Importantly, the possibility of deep alignments across a wide range of vertebrate taxa will also increasingly allow us to address the relation between noncoding sequences and phenotypic diversity. One paradigmatic example to this end was the analysis of the aforementioned Hoxc8 early enhancer in a panel of mammals that suggested that evolution of this enhancer contributed to the differences in axial morphology distinguishing baleen whales from other mammals [85]. While this study in the pre-genomic era relied on targeted sequencing of this regulatory element in a large number of species in the mammalian clade, the ever-growing number of available vertebrate sequences will increasingly allow for similar such studies at genomic scale.
The moderate-scale experimental testing of candidate enhancers through transgenic approaches such as that described here are expected to provide larger training sets for improved computational predictions of what activities conserved sequences are likely to contain. The first level of annotation in this area is occurring on the most highly (human-rodent "ultra") and deepest (human-fish) conserved elements in the human genome. These classes of conserved noncoding elements are enriched near genes active in early development and this is not universally applicable for all types of known enhancers. Rather, they will serve to demonstrate how one can go from comparative sequence data to their functional testing to using the resulting dataset to computationally predict additional such enhancer elements in the larger human genome. It is anticipated that through such an iterative process we will learn vital clues as to developmental enhancer function and that this knowledge will translate into a deeper understanding of the regulation of both developmental and non-developmental genes in vertebrates.
Footnotes
Publisher's Disclaimer: This is a PDF file of an unedited manuscript that has been accepted for publication. As a service to our customers we are providing this early version of the manuscript. The manuscript will undergo copyediting, typesetting, and review of the resulting proof before it is published in its final citable form. Please note that during the production process errors may be discovered which could affect the content, and all legal disclaimers that apply to the journal pertain.

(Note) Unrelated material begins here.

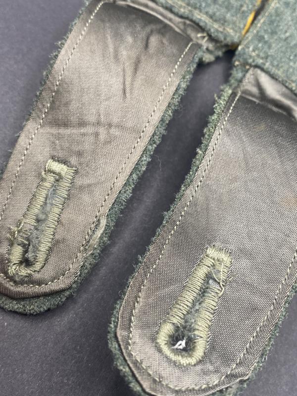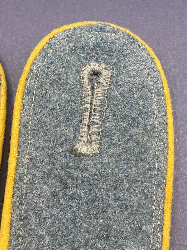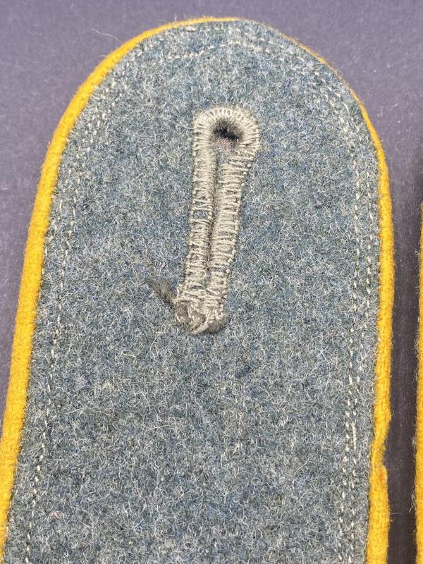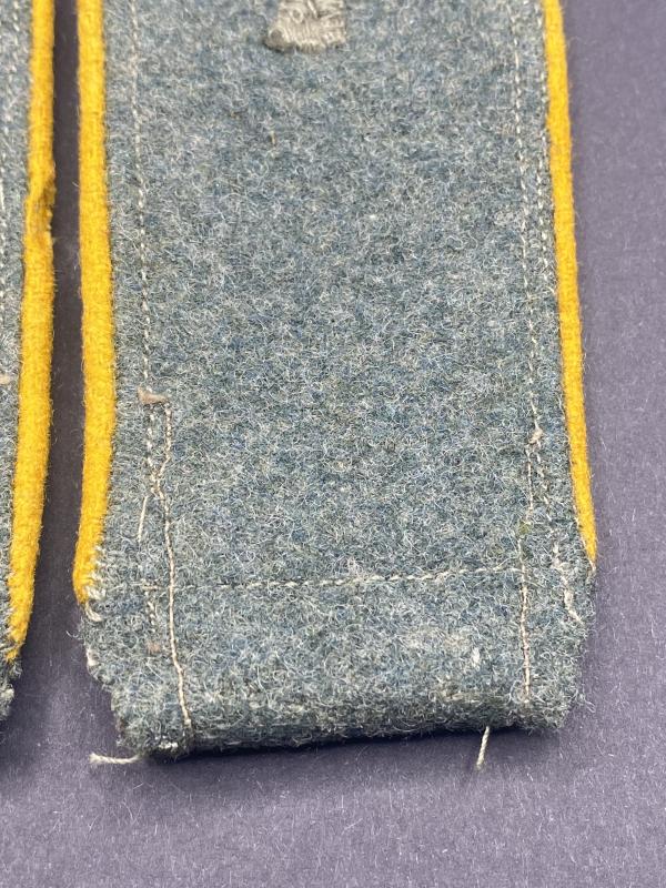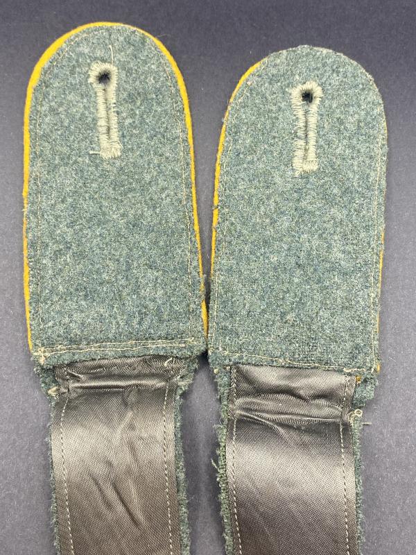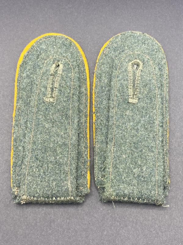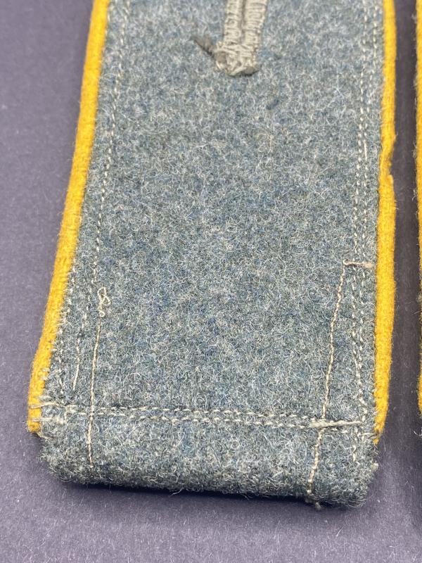 Original pair of lightly used German army cavalry NCO shoulder boards. Made of field grey wool with golden yellow piping. Complete with straps. In good condition.

L.A.P. was supported by grant HL066681, Berkeley-PGA, under the Programs for Genomic Applications, funded by National Heart, Lung, & Blood Institute, and HG003988 funded by National Human Genome Research Institute. Research was performed under Department of Energy Contract DE-AC02-05CH11231, University of California, E.O. Lawrence Berkeley National Laboratory. A.V. was supported by an American Heart Association postdoctoral fellowship.
References
- 1.Stathopoulos A, Levine M. Genomic regulatory networks and animal development. Dev Cell. 2005;9:449–62. doi: 10.1016/j.devcel.2005.09.005. [DOI] [PubMed] [Google Scholar]
- 2.Levine M, Tjian R. Transcription regulation and animal diversity. Nature. 2003;424:147–51. doi: 10.1038/nature01763. [DOI] [PubMed] [Google Scholar]
- 3.Davidson EH. Genomic regulatory systems: Development and evolution. 1. San Diego: Academic Press; 2001. [Google Scholar]
- 4.Venter JC, Adams MD, Myers EW, Li PW, Mural RJ, Sutton GG, et al. The sequence of the human genome. Science. 2001;291:1304–51. doi: 10.1126/science.1058040. [DOI] [PubMed] [Google Scholar]
- 5.Lander ES, Linton LM, Birren B, Nusbaum C, Zody MC, Baldwin J, et al. Initial sequencing and analysis of the human genome. Nature. 2001;409:860–921. doi: 10.1038/35057062. [DOI] [PubMed] [Google Scholar]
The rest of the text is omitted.